Let $n$ be any natural number. Prove that $\left[\dfrac n1\right]+ \left[\dfrac n2\right] + \left[\dfrac n3\right]+\cdots+\left[\dfrac nn\right]+\left[\sqrt n\right]$ is even.
I tried this by taking two different cases, when, $n$ is even and when $n$ is odd. But I could not establish any relation between the two. Please help to solve this problem and thanks a lot in advance.
P.S. Although nothing is mentioned in the question I think $[\ ]$ stands for greatest integer function as otherwise the sum would be in a fraction which is not even as only natural numbers are regarded as even.
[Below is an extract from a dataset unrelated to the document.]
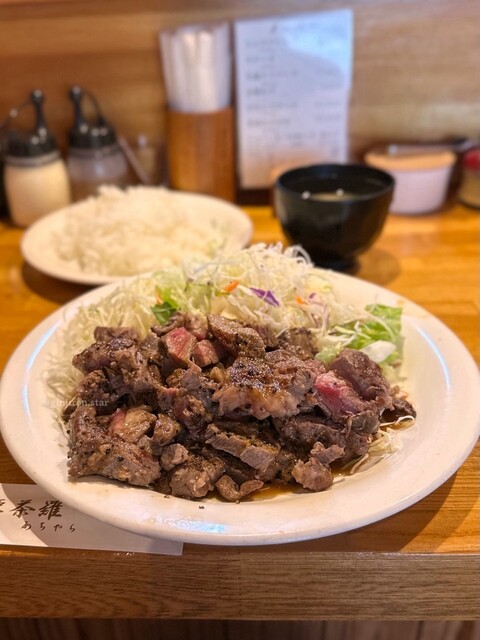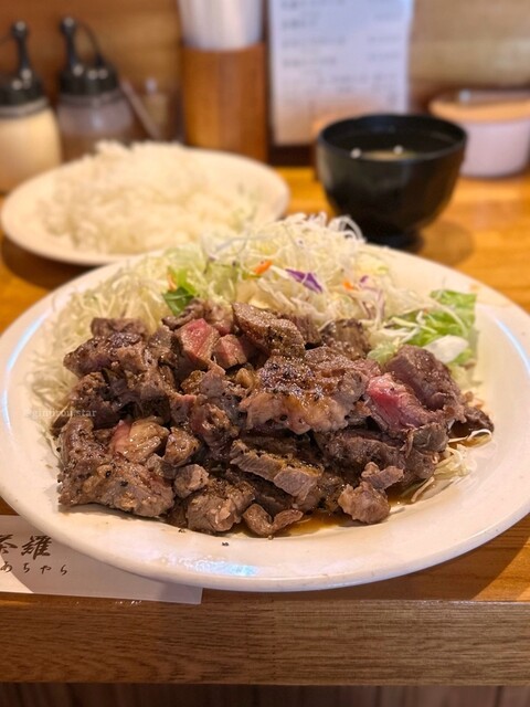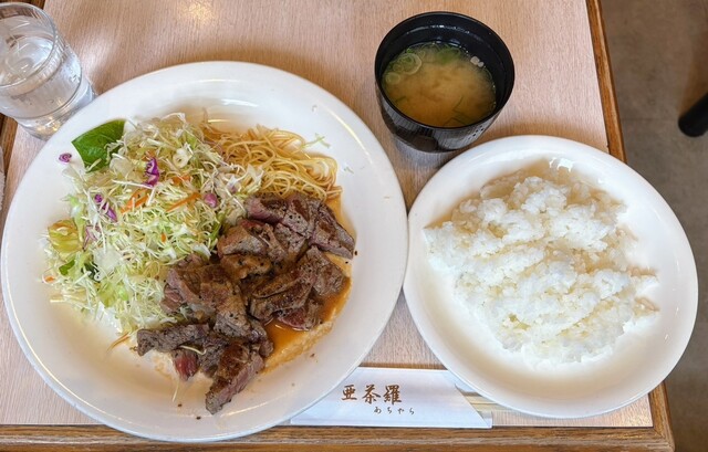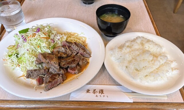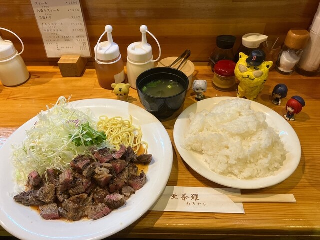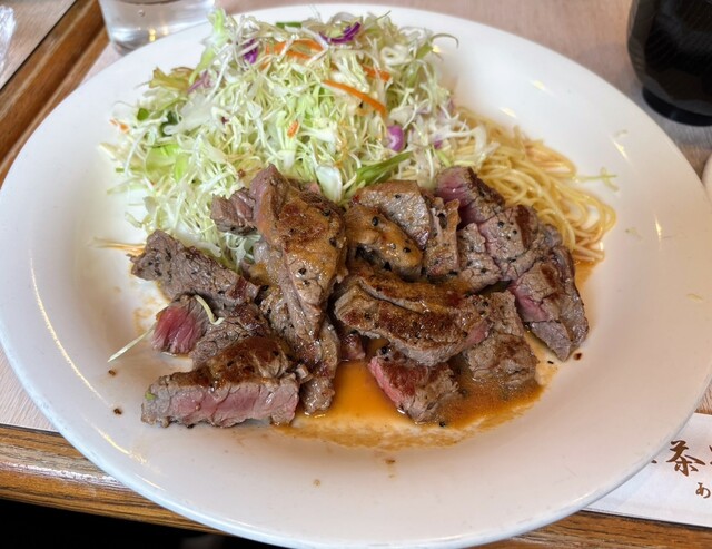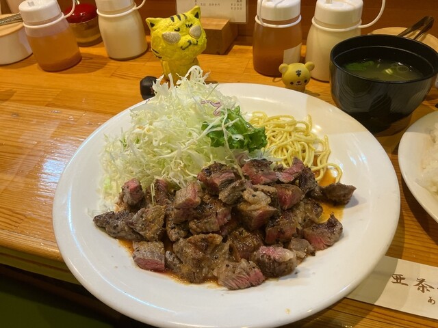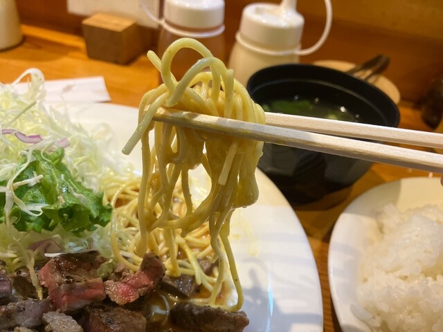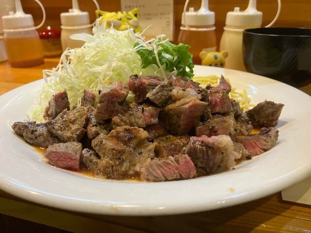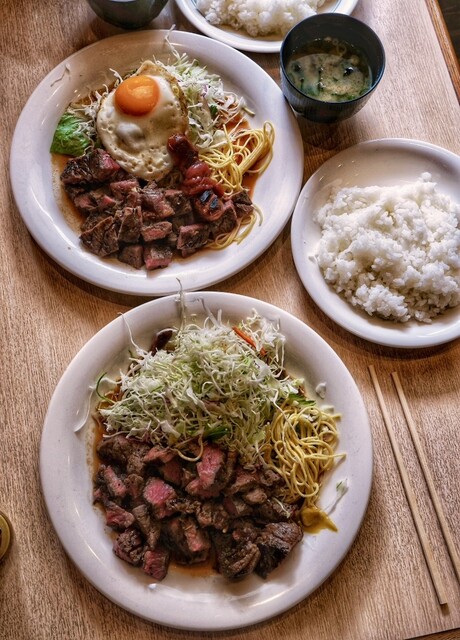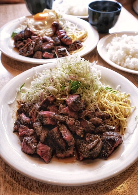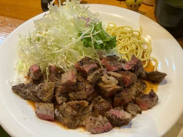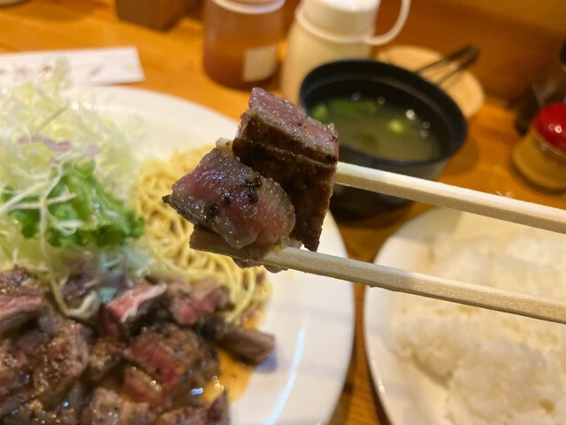 11:00を少しまわって、来訪。 急な階段を登って、店に入ると、既に、満席で、 運良くカウンターの一席だけが入れ替わりで空いたので、着席できました。 180g ¥1100のステーキランチをオーダー。 店は、横に、長く、入口から入ってすぐに、カウンター。 奥に、テーブル席があるようでした... 詳細を見る

Use the fact that: $$ \sum_{i=1}^n\left\lfloor\frac{n}{i}\right\rfloor=\sum_{i=1}^n d(i) $$ where $d(\ )$ is the divisor function (RHS: there are $d(i)$ numbers dividing $i$, LHS: there are $\left\lfloor\frac{n}{i}\right\rfloor$ numbers at most $n$ divisible by $i$). All numbers have even number of divisors, except for the squares, and there are $\lfloor\sqrt{n}\rfloor$ of those, thus:
$$ \lfloor\sqrt{n}\rfloor+\sum_{i=1}^n\left\lfloor\frac{n}{i}\right\rfloor=\sum_{i=1}^n d(i)+1\{\exists k\in\mathbb{N}:i=k^2\} $$ And all terms in the sum on the RHS are even.